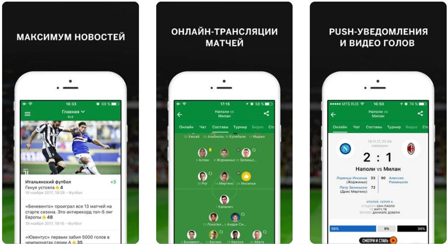 – Уведомления о голах и результатах команд, а также самых важных новостях.
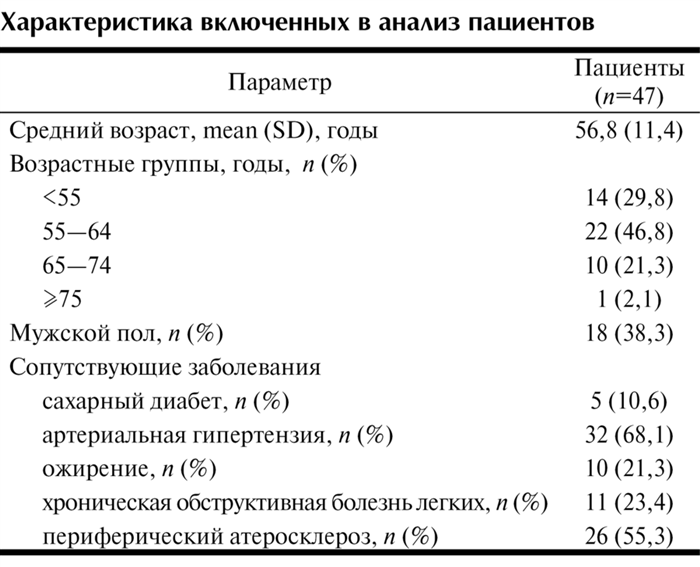 Среди оперированных по поводу опухоли сердца преобладали женщины (61,7%), 46,8% больных были в возрасте от 55 до 64 лет (см. таблицу). Среди сопутствующих заболеваний преобладали артериальная гипертензия (АГ), которая была у 68,1% пациентов и периферический атеросклероз - у 55,3%. Отмечена большая частота хронической сердечной недостаточности (ХСН) - у 78,7% больных как проявление основного заболевания и сопутствующая патология (см. таблицу). У большинства пациентов ХСН соответствовала I-II функциональному классу (ФК).
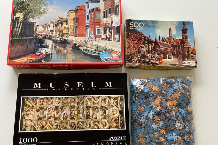 1 st med 500 bitar som också var längesen jag byggde, men förutsätter att alla bitar finns. Kartongerna har varit med om ett par flyttar, så har fått lite stryk. Men som du ser på bilden så är det inga problem att se motiven.
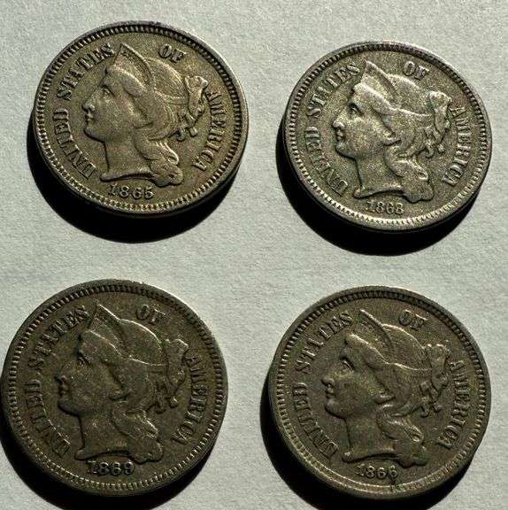 Four 3 Cent Nickels 1865 1866 1868 1869. Better than average circulated and decent lines in the columns. 1869 with minor brockage. 1868 with the face seen in the reverse of the first column
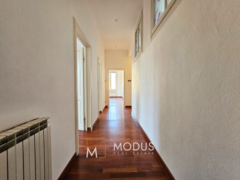 L'attuale composizione interna presenta un ingresso, due saloni di circa 30 mq cadauno, una cucina abitabile, una camera matrimoniale con bagno privato, due camere singole, il bagno principale, una zona armadi e un comodo ripostiglio.
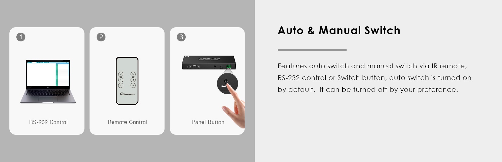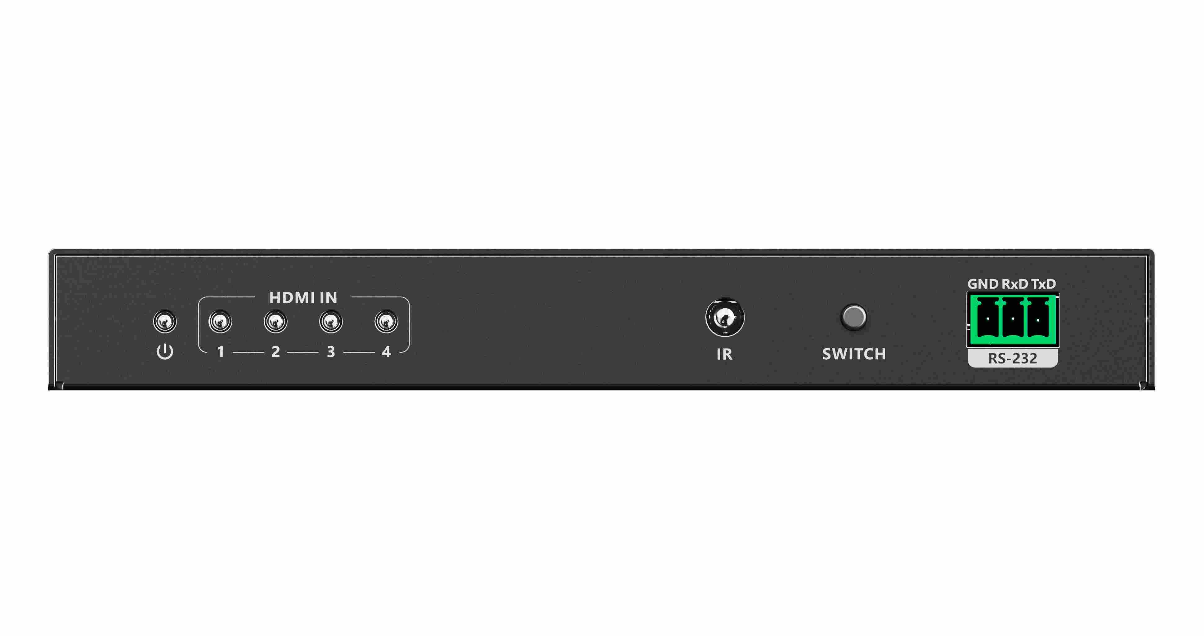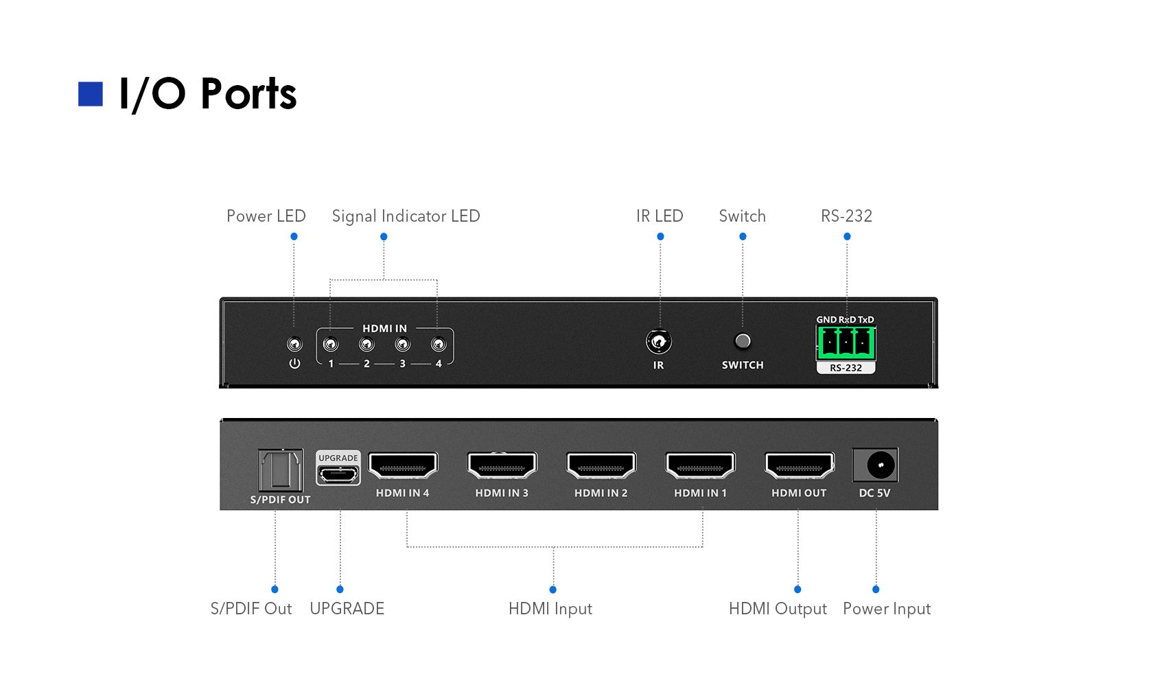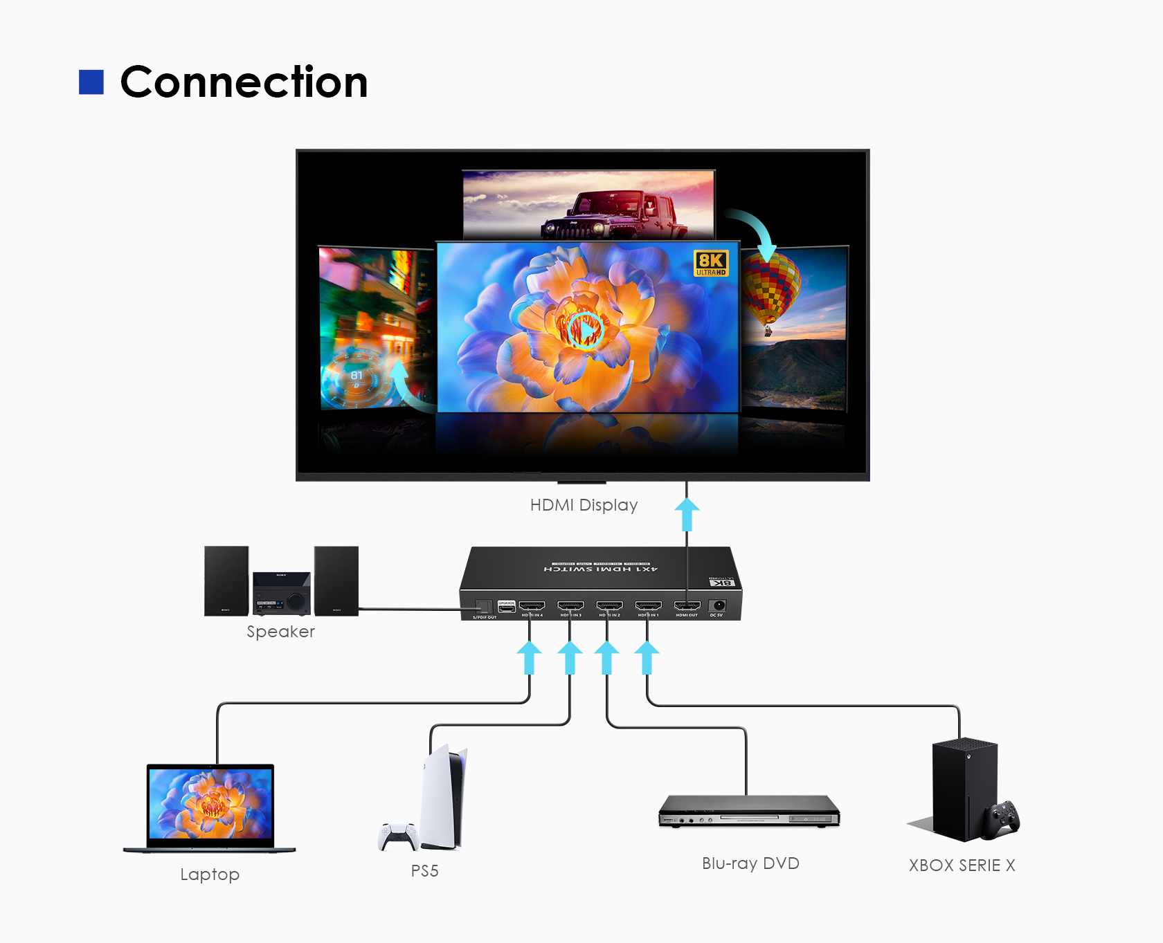 4 HDMI zařízení sdílí 1 HDMI výstupní zařízení (obrazovku). Výběr zařízení tlačítkem nebo dálkovým ovládáním.
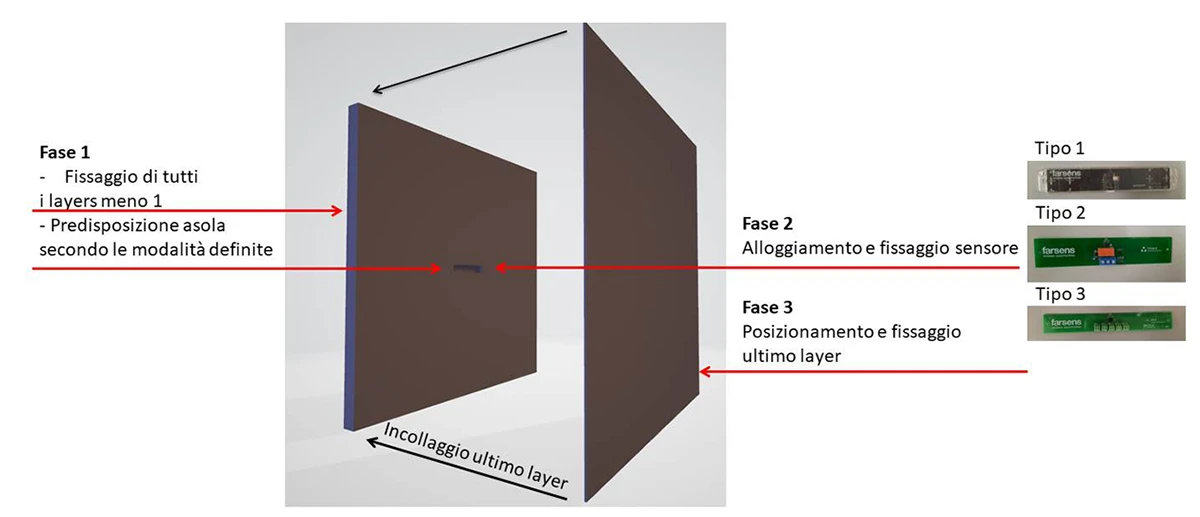 The assembly process involves three phases described in figure 3. Firstly, the individual layers will be glued with the exception of the last one, and the slot will be prepared according to the design indications. Subsequently, one of the three types of sensors will be housed and fixed and lastly, the remaining layer will be glued (Fig. 3).
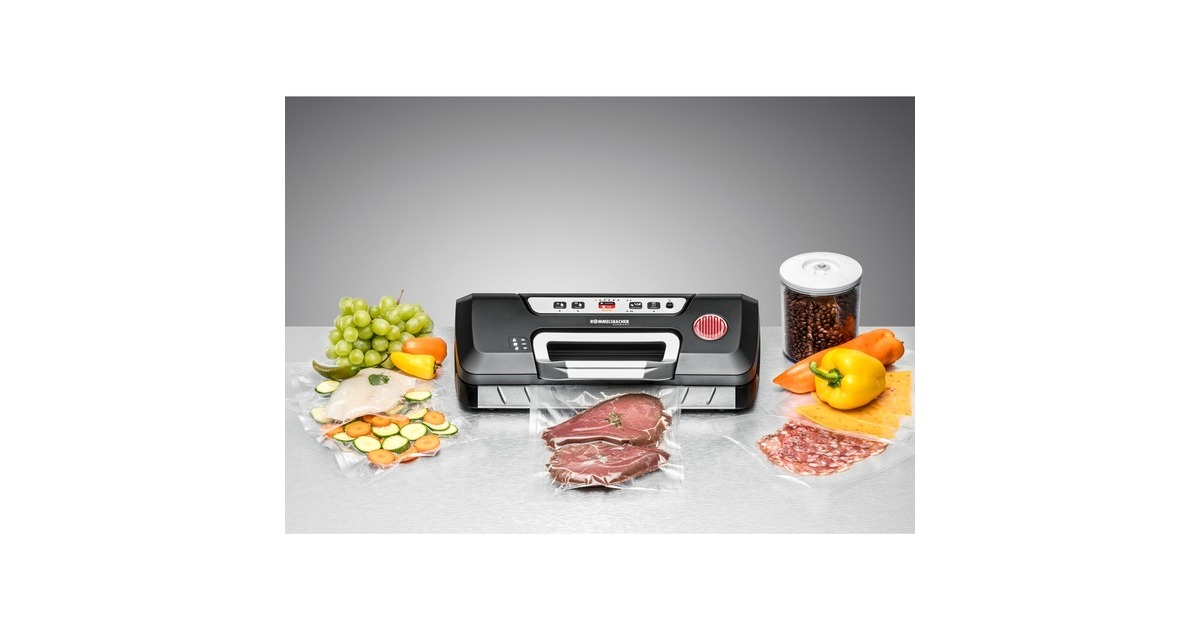 Der außergewöhnliche Vakuumiergerät VAC 285 überzeugt durch seine durchdachte Ausstattung. Der große Handgriff ermöglicht eine komfortable Einhand-Bedienung, das Gerät lässt sich leicht öffnen und sicher schließen. Ob kleiner oder großer Haushalt, der Vakuumierer ist flexibel einsetzbar und auch für den Langzeitbetrieb geeignet. Ein Großeinkauf lässt sich ohne Zwischenpausen verarbeiten, die Ernte aus dem Gemüsegarten kann zügig verpackt werden. Die leistungsstarke Pumpe saugt bis zu 97 % der Luft aus den speziellen Vakuumierbeuteln und versiegelt diese dann vollautomatisch mit einer stabilen Naht und das alles in nur einem Arbeitsgang. Mit der in 2 Stufen einstellbaren Versiegelungsdauer lässt sich der Vakuumiervorgang individuell an die zu verarbeitenden Lebensmittel anpassen. Für besonders druckempfindliche Nahrungsmittel steht eine manuelle Absaug- und Versiegelungsfunktion zur Verfügung. Besonders praktisch ist das Sichtfenster, so kann die korrekte Positionierung des Beutels im Gerät kontrolliert werden. Mit der Funktion „Behälter vakuumieren“ können selbst sensible und flüssige Lebensmittel in speziellen Vakuumiergefäßen vakuumverpackt und lange frisch gehalten werden. Durch Vakuumieren wird die Haltbarkeit von Lebensmitteln um das 3 bis 5-fache verlängert, darum sollte dieses praktische Gerät in keinem Haushalt fehlen! Tipp: Das Gerät kann auch zum Vorbereiten der Lebensmittel für Sous Vide Garen, genutzt werden.Art.-Nr.: 1519535
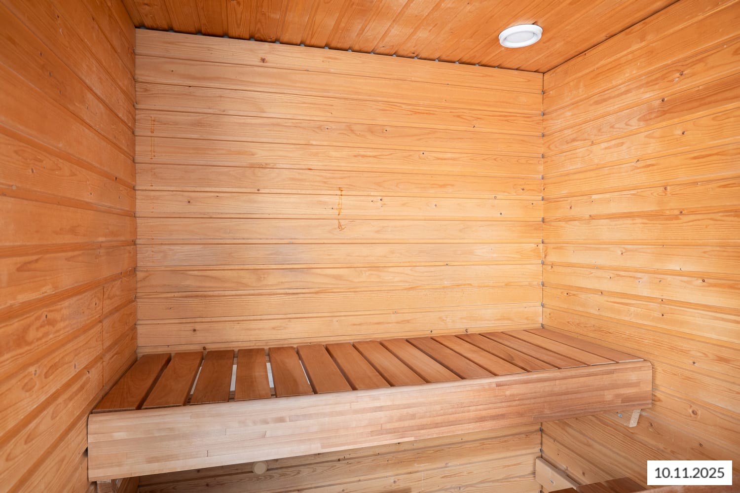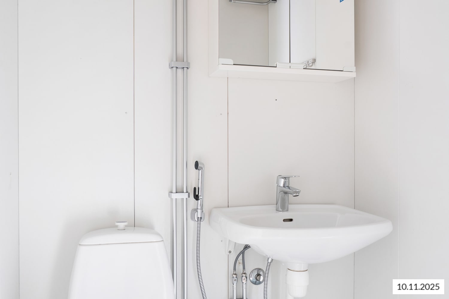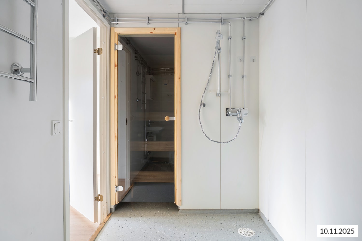 Keittiössä on keraaminen liesi, jääkaappi-pakastin ja tilaa ruokapöydälle ikkunan ääressä. Myös astianpesukoneellesi on paikka. Kylpyhuoneessa on pyykinpesukoneen tulo- ja poistoliitännät.

********************

• _What to produce_
The expected answer is the whole listing above, copied exactly, with images excluded.

• _The completed task_
 – Уведомления о голах и результатах команд, а также самых важных новостях.
 Среди оперированных по поводу опухоли сердца преобладали женщины (61,7%), 46,8% больных были в возрасте от 55 до 64 лет (см. таблицу). Среди сопутствующих заболеваний преобладали артериальная гипертензия (АГ), которая была у 68,1% пациентов и периферический атеросклероз - у 55,3%. Отмечена большая частота хронической сердечной недостаточности (ХСН) - у 78,7% больных как проявление основного заболевания и сопутствующая патология (см. таблицу). У большинства пациентов ХСН соответствовала I-II функциональному классу (ФК).
 1 st med 500 bitar som också var längesen jag byggde, men förutsätter att alla bitar finns. Kartongerna har varit med om ett par flyttar, så har fått lite stryk. Men som du ser på bilden så är det inga problem att se motiven.
 Four 3 Cent Nickels 1865 1866 1868 1869. Better than average circulated and decent lines in the columns. 1869 with minor brockage. 1868 with the face seen in the reverse of the first column
 L'attuale composizione interna presenta un ingresso, due saloni di circa 30 mq cadauno, una cucina abitabile, una camera matrimoniale con bagno privato, due camere singole, il bagno principale, una zona armadi e un comodo ripostiglio.
 4 HDMI zařízení sdílí 1 HDMI výstupní zařízení (obrazovku). Výběr zařízení tlačítkem nebo dálkovým ovládáním.
 The assembly process involves three phases described in figure 3. Firstly, the individual layers will be glued with the exception of the last one, and the slot will be prepared according to the design indications. Subsequently, one of the three types of sensors will be housed and fixed and lastly, the remaining layer will be glued (Fig. 3).
 Der außergewöhnliche Vakuumiergerät VAC 285 überzeugt durch seine durchdachte Ausstattung. Der große Handgriff ermöglicht eine komfortable Einhand-Bedienung, das Gerät lässt sich leicht öffnen und sicher schließen. Ob kleiner oder großer Haushalt, der Vakuumierer ist flexibel einsetzbar und auch für den Langzeitbetrieb geeignet. Ein Großeinkauf lässt sich ohne Zwischenpausen verarbeiten, die Ernte aus dem Gemüsegarten kann zügig verpackt werden. Die leistungsstarke Pumpe saugt bis zu 97 % der Luft aus den speziellen Vakuumierbeuteln und versiegelt diese dann vollautomatisch mit einer stabilen Naht und das alles in nur einem Arbeitsgang. Mit der in 2 Stufen einstellbaren Versiegelungsdauer lässt sich der Vakuumiervorgang individuell an die zu verarbeitenden Lebensmittel anpassen. Für besonders druckempfindliche Nahrungsmittel steht eine manuelle Absaug- und Versiegelungsfunktion zur Verfügung. Besonders praktisch ist das Sichtfenster, so kann die korrekte Positionierung des Beutels im Gerät kontrolliert werden. Mit der Funktion „Behälter vakuumieren“ können selbst sensible und flüssige Lebensmittel in speziellen Vakuumiergefäßen vakuumverpackt und lange frisch gehalten werden. Durch Vakuumieren wird die Haltbarkeit von Lebensmitteln um das 3 bis 5-fache verlängert, darum sollte dieses praktische Gerät in keinem Haushalt fehlen! Tipp: Das Gerät kann auch zum Vorbereiten der Lebensmittel für Sous Vide Garen, genutzt werden.Art.-Nr.: 1519535
 Keittiössä on keraaminen liesi, jääkaappi-pakastin ja tilaa ruokapöydälle ikkunan ääressä. Myös astianpesukoneellesi on paikka. Kylpyhuoneessa on pyykinpesukoneen tulo- ja poistoliitännät.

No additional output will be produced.